Abstract

This paper provides the first comprehensive account of the rule against alienating indigenous lands to private parties, that is to say, parties other than the government. This rule exists, in common law and statutory forms, across common law settler societies, including the United States, Canada, Australia, and New Zealand. The author provides an historical account of the development of the rule, outlining the ways in which the rule was seen to be justified across different time periods. The paper argues that none of the historical bases for the rule, which range from considerations of military strategy to outright racial paternalism, can provide an adequate justification for the rule in the present day. After providing an account of the current legal regimes in these four countries, the author sets out a contemporary justification for the rule, rooted in the collective autonomy and cultural integrity of indigenous groups. This is approached primarily from two angles. In economic or welfare-oriented terms, alienations of parts of a community's land base may impose a cost on members of the group by reducing the group's capacity to preserve its culture and way of life, goods which can only be enjoyed in collective form.

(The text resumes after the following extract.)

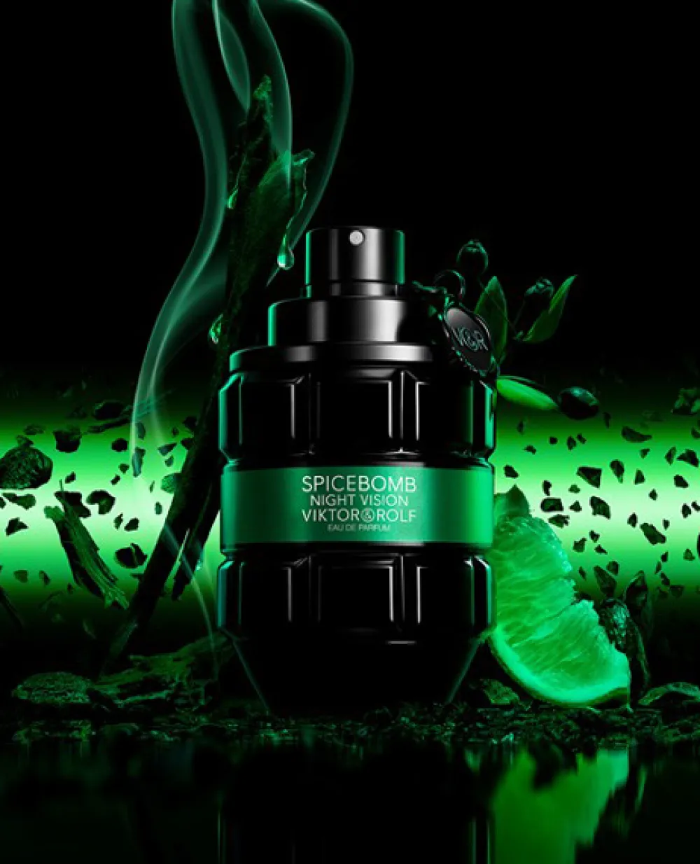 Der Flakon des Viktor&Rolf Night Vision Eau de Parfum Nat. Spray präsentiert sich in einer kraftvollen, modernen Form, die an eine Granate erinnert. Die elegante schwarze Farbe, kombiniert mit einem intensiven grünen Akzent, unterstreicht die geheimnisvolle und dynamische Natur des Parfums. Der praktische Sprühmechanismus ermöglicht eine einfache Anwendung, während das markante Design ein Statement von Stil und Eleganz setzt. Ein visuelles Meisterwerk, das ebenso fesselt wie der Duft selbst.

Alternatively, one can take collective autonomy and cultural preservation as goods not fully reducible to welfare. Erosions of the group's land base impinge on its ability to exercise collective autonomy, especially if governance jurisdiction is linked to land ownership. The paper also considers the relevance of arguments based on indigenous sovereignty and distinctive indigenous approaches to land. Finally, the author outlines a set of promising alternative institutional arrangements that might reconcile the interests at stake in ways other than through a rigid prohibition on alienation to private parties.